━━ Data shown

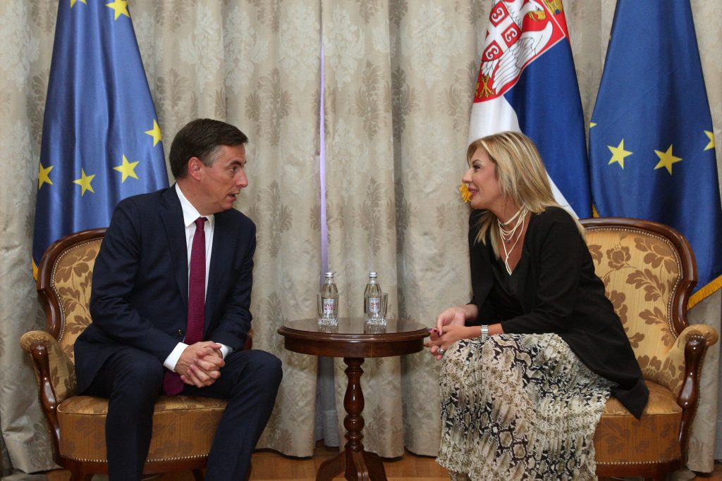 Mekalister je prethodno imao sastanak sa šefom Delegacije Evropske unije u Srbiji Semom Fabricijem, da bi se potom sastao i sa ministarkom za evropske integracije Jadrankom Joksimović.
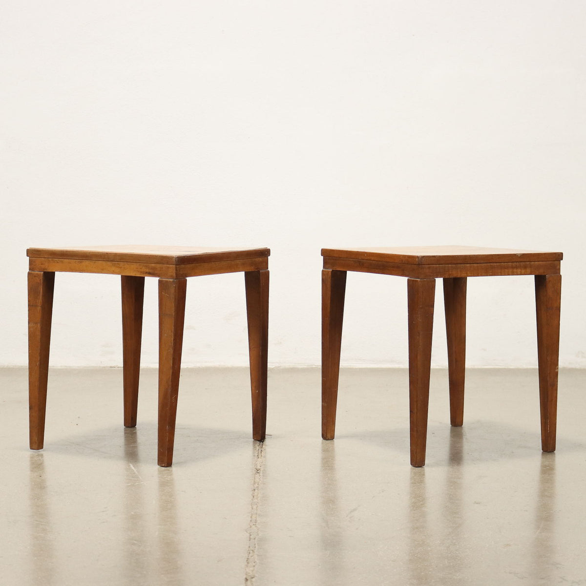 Pair of vintage Italian-made coffee tables in walnut wood with square top and slender legs in a truncated pyramid shape; requires restoration work. Vintage Coffee table, smoker's coffee table, 1970s coffee table, 1960s coffee table, 1950s coffee table, 1940s coffee table, 1930s coffee table, design coffee table.
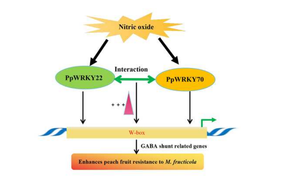 桃果實含有豐富的膳食纖維、蛋白質和維生素,深受廣大消費者的喜愛。桃果實收獲于高溫多雨季節,采后易受病原菌侵染,其中由鏈核盤菌引起的褐腐病是導致桃果實采后腐爛的主要原因之一,嚴重影響桃果實品質及商品價值。我們之前的研究表明,一氧化氮(Nitric oxide, NO)處理通過激活γ-氨基丁酸(γ-aminobutyrate, GABA)分支顯著抑制桃果實褐腐病。其中轉錄因子在調節GABA分支相關基因的轉錄中發揮著關鍵作用。然而在桃果實防御真菌病原體感染的過程中,轉錄因子介導GABA分流的轉錄調控仍在很大程度上未知。
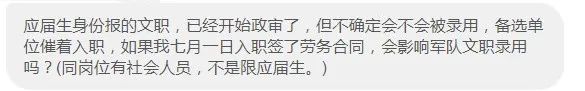 而且軍隊(duì)文職作為有編制的職業(yè),審核是比較嚴(yán)格的,如果公示前你和別的公司簽了合同,即使招考單位沒有主動(dòng)察覺,也有可能被別人舉報(bào),導(dǎo)致被取消入職資格。
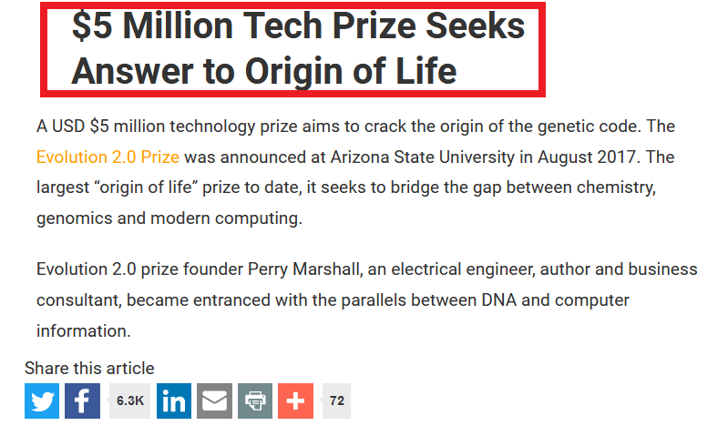 ومن العجيب والذي يدعو الملحد إلى أن يعيد التفكير في إلحاده حقًّا هو أنَّ: المؤسسات العِلميَّة العملاقة، المؤسسات التي تؤمن بالمادية، وليس المؤسسات الدينية وضعت مؤخرًا جوائز مالية ضخمة لمن يستطيع أن يجيب عن سؤال: كيف نشأت الحياة، وآخرها جائزة بخمسة ملايين دولار، هذه الجائزة وُضعت في جامعة أريزونا، وكانت الجائزة لمن يَعرف: كيف تُشفَّر المعلومة داخل الشريط الجيني!
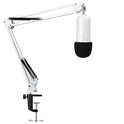 YOUSHARES White Mic Stand with Pop Filter - Mic Suspension Boom Arm Stand with Foam Cover Vindruta för White Blue Yeti och Yeti Pro Microphone
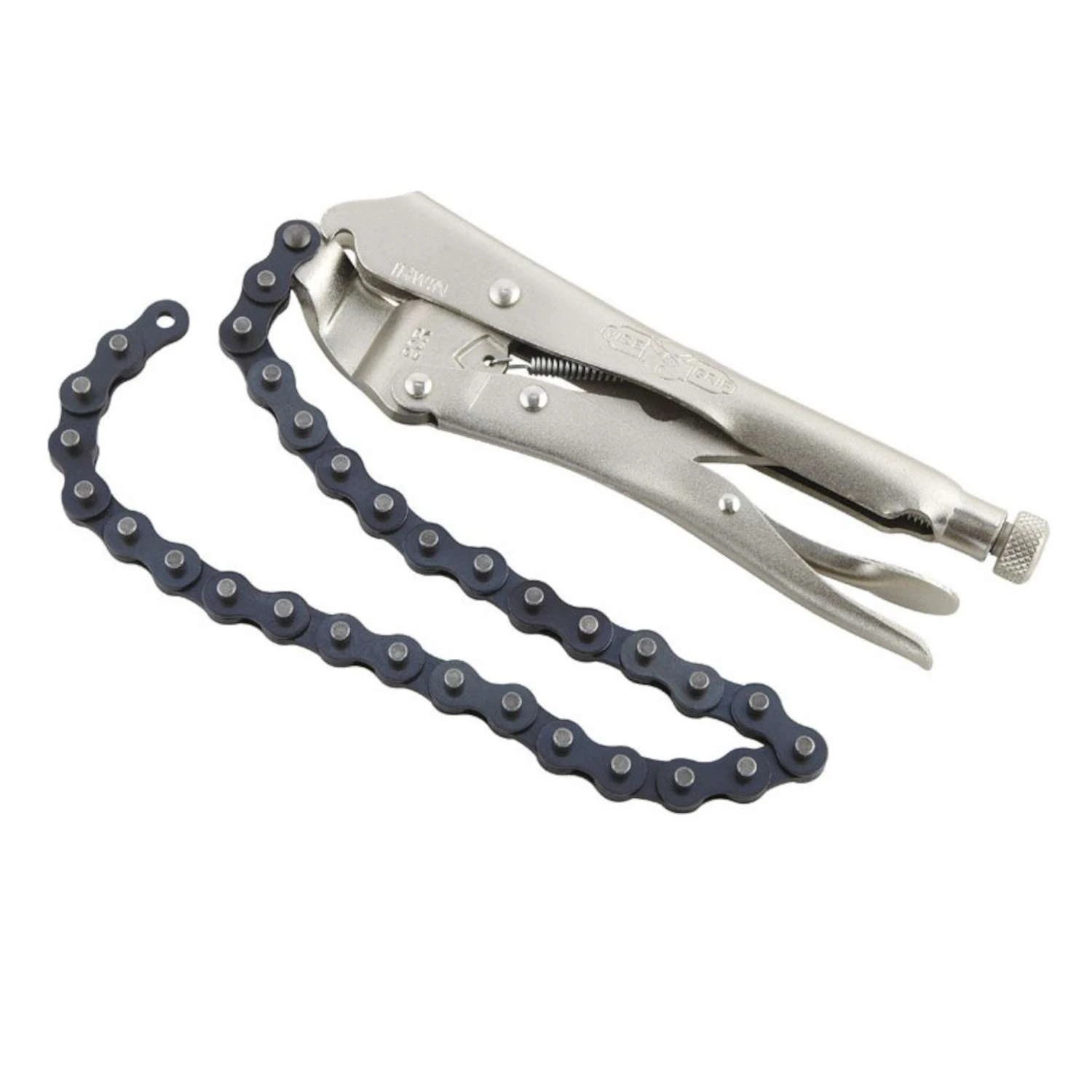 IRWIN® VISE-GRIP® Original Locking Wrench Features high-grade heat-treated alloy steel for maximum toughness and durabilityChain holds and locks around any shape or sizeIdeal for awkwardly shaped piecesTurn screw to adjust pressure and fit work. Stays adjusted for repetitive useConstructed of high-grade heat-treated alloy steel for maximum toughness and durabilityGuarded release trigger quickly unlocks and protects from accidental release9 in. size18 in. jaw adjustment
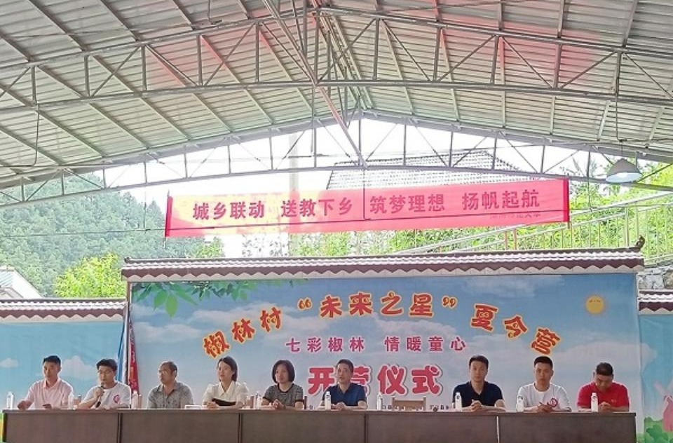 此次开营仪式主题是“七彩椒林,情暖童心”,县交通局局长向书宏,乡党委书记关辉彪,县妇联主席何娅红,县团委书记林磊,策农旅老师李小顺,乡党委副书记刘志,大邵公益党支部书记李迪春,村支部书记尹书山,实践团指导老师张赐成等人出席了此次开营仪式。大会过程中,尹书山对椒林村的具体情况做了介绍,呼吁同学们要学会感恩,努力学习,以张赐成和张俊仪为榜样,也对他们回馈家乡的举动表达感谢,乡党委书记关辉彪对于此次夏令营表达了期望,希望大家能够发挥艰苦奋斗的精神,在展开工作的同时也有机会享受椒林村的美景。
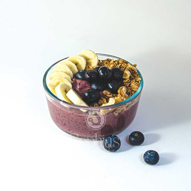Açai Bowl contains homemade granola topped with in-house toasted quinoa, combined with natural fruits! Packed with vitaimins with antioxidants... and under 500 calories!
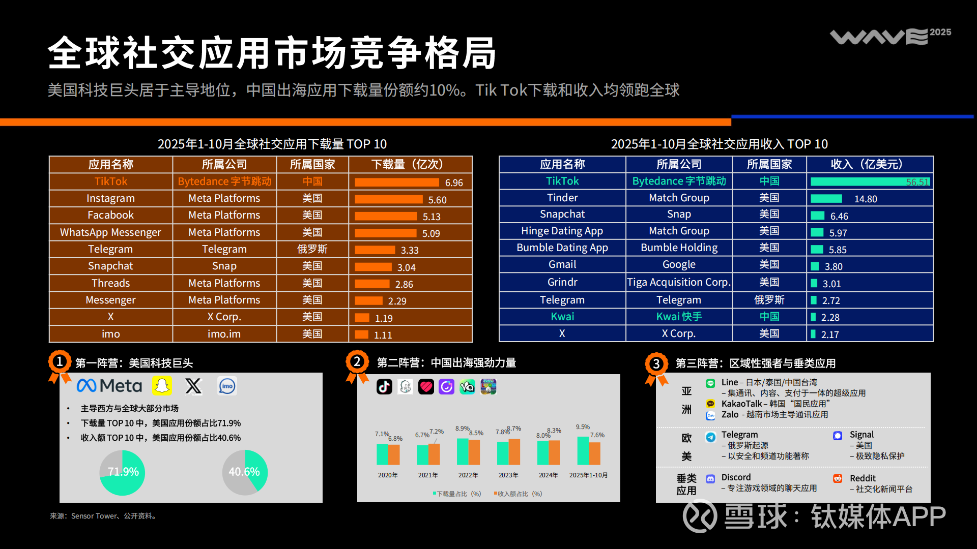 从全球社交应用市场竞争格局上来讲,中国、美国已经处于第一梯队;除此之外,还有在日本、泰国、韩国等地区的区域性强者与垂类应用,也表现亮眼。

━━━━

» **What you should do**
Output the data above verbatim, pictures excluded.

» **Reply**
 Mekalister je prethodno imao sastanak sa šefom Delegacije Evropske unije u Srbiji Semom Fabricijem, da bi se potom sastao i sa ministarkom za evropske integracije Jadrankom Joksimović.
 Pair of vintage Italian-made coffee tables in walnut wood with square top and slender legs in a truncated pyramid shape; requires restoration work. Vintage Coffee table, smoker's coffee table, 1970s coffee table, 1960s coffee table, 1950s coffee table, 1940s coffee table, 1930s coffee table, design coffee table.
 桃果實含有豐富的膳食纖維、蛋白質和維生素,深受廣大消費者的喜愛。桃果實收獲于高溫多雨季節,采后易受病原菌侵染,其中由鏈核盤菌引起的褐腐病是導致桃果實采后腐爛的主要原因之一,嚴重影響桃果實品質及商品價值。我們之前的研究表明,一氧化氮(Nitric oxide, NO)處理通過激活γ-氨基丁酸(γ-aminobutyrate, GABA)分支顯著抑制桃果實褐腐病。其中轉錄因子在調節GABA分支相關基因的轉錄中發揮著關鍵作用。然而在桃果實防御真菌病原體感染的過程中,轉錄因子介導GABA分流的轉錄調控仍在很大程度上未知。
 而且軍隊(duì)文職作為有編制的職業(yè),審核是比較嚴(yán)格的,如果公示前你和別的公司簽了合同,即使招考單位沒有主動(dòng)察覺,也有可能被別人舉報(bào),導(dǎo)致被取消入職資格。
 ومن العجيب والذي يدعو الملحد إلى أن يعيد التفكير في إلحاده حقًّا هو أنَّ: المؤسسات العِلميَّة العملاقة، المؤسسات التي تؤمن بالمادية، وليس المؤسسات الدينية وضعت مؤخرًا جوائز مالية ضخمة لمن يستطيع أن يجيب عن سؤال: كيف نشأت الحياة، وآخرها جائزة بخمسة ملايين دولار، هذه الجائزة وُضعت في جامعة أريزونا، وكانت الجائزة لمن يَعرف: كيف تُشفَّر المعلومة داخل الشريط الجيني!
 YOUSHARES White Mic Stand with Pop Filter - Mic Suspension Boom Arm Stand with Foam Cover Vindruta för White Blue Yeti och Yeti Pro Microphone
 IRWIN® VISE-GRIP® Original Locking Wrench Features high-grade heat-treated alloy steel for maximum toughness and durabilityChain holds and locks around any shape or sizeIdeal for awkwardly shaped piecesTurn screw to adjust pressure and fit work. Stays adjusted for repetitive useConstructed of high-grade heat-treated alloy steel for maximum toughness and durabilityGuarded release trigger quickly unlocks and protects from accidental release9 in. size18 in. jaw adjustment
 此次开营仪式主题是“七彩椒林,情暖童心”,县交通局局长向书宏,乡党委书记关辉彪,县妇联主席何娅红,县团委书记林磊,策农旅老师李小顺,乡党委副书记刘志,大邵公益党支部书记李迪春,村支部书记尹书山,实践团指导老师张赐成等人出席了此次开营仪式。大会过程中,尹书山对椒林村的具体情况做了介绍,呼吁同学们要学会感恩,努力学习,以张赐成和张俊仪为榜样,也对他们回馈家乡的举动表达感谢,乡党委书记关辉彪对于此次夏令营表达了期望,希望大家能够发挥艰苦奋斗的精神,在展开工作的同时也有机会享受椒林村的美景。
Açai Bowl contains homemade granola topped with in-house toasted quinoa, combined with natural fruits! Packed with vitaimins with antioxidants... and under 500 calories!
 从全球社交应用市场竞争格局上来讲,中国、美国已经处于第一梯队;除此之外,还有在日本、泰国、韩国等地区的区域性强者与垂类应用,也表现亮眼。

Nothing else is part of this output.